Try it =>
Copy exactly the lines starting at the one that contains "Bundle includes a" and running through the end of the material below. Exclude any pictures.

** Given information follows **

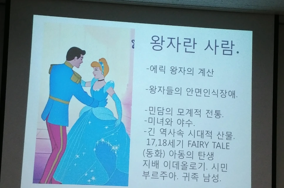 허나 신데렐라 이야기의 원전을 보면 알 수 있듯이 에릭 왕자는 분명 흰 구두에 멋진 드레스를 입은 신데렐라에게 반했음에도 12시에 그녀가 사라지자 또 다른 왕국의 공주들과 만나보며 계속 그녀들과 결혼하면 어떨지 계산해보고 저울질한다. 게다가 나중에 신데렐라의 집까지 찾아와서도 무슨 안면인식 장애가 있는지 못 알아본 척 하고는 사라져버린다. 이를 최현미 작가님께서는 17 18 세기에 동화가 처음 탄생할 때, 동화를 쓸 수 있는 교육받은 사람은 거의 귀족 남성일 수밖에 없었고, 그로 인해 자연스럽게 시민 부르주아 또는 귀족 남성의 이데올로기가 동화에서 드러나는 것이라 설명하셨다. 이런 것이 바로 시대의 한계이자 니체의 말을 빌리면 인간적인 너무나 인간적인 한계가 아닐까. 21세기엔 아동에게 들려주는 동화들도 새로운 각색이 필수적인 게 아닐까.
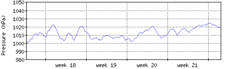 Der blaue Graph zeigt den mittleren Luftdruck, der Bereich zwischen grösstem und kleinstem Druck während des Messintervals ist in hellblau dargestellt. |
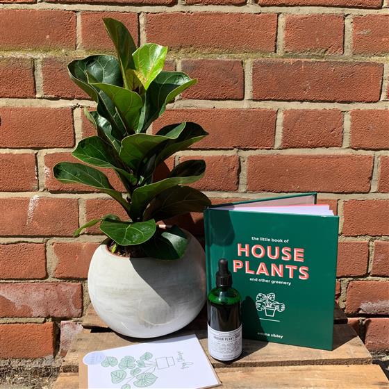 Bundle includes a plant and pot, 'Little Book of House Plants', handmade Lydia Alice card and a bottle of Norfolk Natural Living's organic indoor plant food - everything you'll need for a happy, healthy plant!
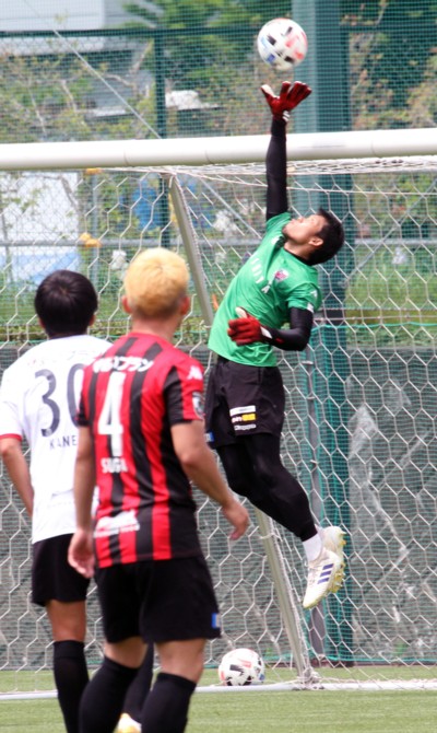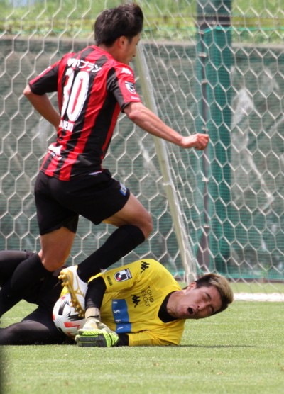 上写真/MF金子の足元に飛び込みセービングするGK阿波加

** End of Given information **

Task output =>
 Bundle includes a plant and pot, 'Little Book of House Plants', handmade Lydia Alice card and a bottle of Norfolk Natural Living's organic indoor plant food - everything you'll need for a happy, healthy plant!
 上写真/MF金子の足元に飛び込みセービングするGK阿波加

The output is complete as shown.